リュカは一度だけユリスを見て、それから目を逸らした。


「……いや、何でもない」


それだけだった。


何でもなくないことは、誰にでも分かった。

けれど、それ以上はどこにも進まない。


レオルは扉の方を顎で示した。


「部屋に行け」


ユリスは立ち上がった。


椅子の脚が床を擦る音が、やけに大きい。

封筒を取る。
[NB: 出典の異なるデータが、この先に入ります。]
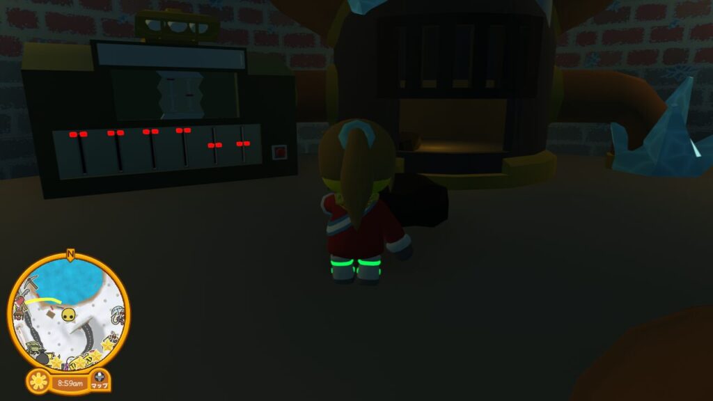 ↑ダンジョン内の様々な場所に石炭やレバーの見取り図が落ちてるので、これを中央の部屋まで運んで取り付ければOKです。

軽い。

送り票の紙くずは、まだ反対の手にある。


階段を上がる。


二階の端。

自分に割り当てられていた小部屋は、最初から狭かった。


ベッド。

棚。

箱。

替えのシャツ。

包帯。

古い手帳。

地方から持ってきた判定票。


荷物は少なかった。


少ないことが、急に惨めだった。


ユリスは黙って鞄に詰めた。


手帳のあいだから、判定票が落ちる。


《勇気》。


その二文字を見て、笑いそうになった。


笑いではない。

喉の奥が引きつるだけの、どうしようもない形だった。


勇気なんて、武器にならない。


そう思ったからここまで来た。

それでも現場にいたかったから、雑務でも何でも飲んだ。


それが終わる。


鞄の口を閉じる。


部屋を出る時、振り返らなかった。

振り返っても、何も増えないからだ。


一階へ降りると、食堂の扉は閉まっていた。

中ではまだ声がしている。


中央駅の取材。

旧六番線の報告。

今後の案件。


自分のいない話が、もう始まっていた。


ユリスは宿舎の扉を開けた。


夜気が冷たい。


さっきまで倉庫街で吸っていたのと同じ冷たさなのに、今は少し違って感じる。

守るものがない場所の冷たさだった。


石段を下りる。

後ろで扉が閉まる。

それだけで、戻れない音に聞こえた。


どこへ行けばいいのか、分からなかった。


訓練課程へ戻れるのか。

戻って何になるのか。

《勇気》なんてシジルで、雇ってくれる場所があるのか。


通りの端で立ち尽くす。


王都の夜は、地方の停車場よりずっと明るい。

明るいのに、足元だけが妙に暗い。


しばらく、そのまま動けなかった。


行き先がない。

帰る部屋もない。

明日から何をすればいいのかも分からない。


頭の中では、さっきまでの言葉が何度も回る。


命令違反。

邪魔。

《勇気》なんてシジルで、何ができる。

今日で外れてもらう。


胸の奥が、少しずつ冷えていく。


怒りではない。

悲しみでもない。


ただ、足元から空っぽになっていく感じだった。


中央駅の方角で、遠く鐘が鳴る。


ひとつ。

ふたつ。


その音だけが、やけにはっきり夜に響いた。


王都はまだ起きている。

灯りは消えない。

列車も、たぶんどこかを走っている。


なのに、自分だけが線路から外れたみたいだった。


ユリスは鞄の紐を握り直した。

それでも、どこへ向かって歩けばいいのか分からない。


そのまま、しばらく石畳の上に立ち尽くしていた。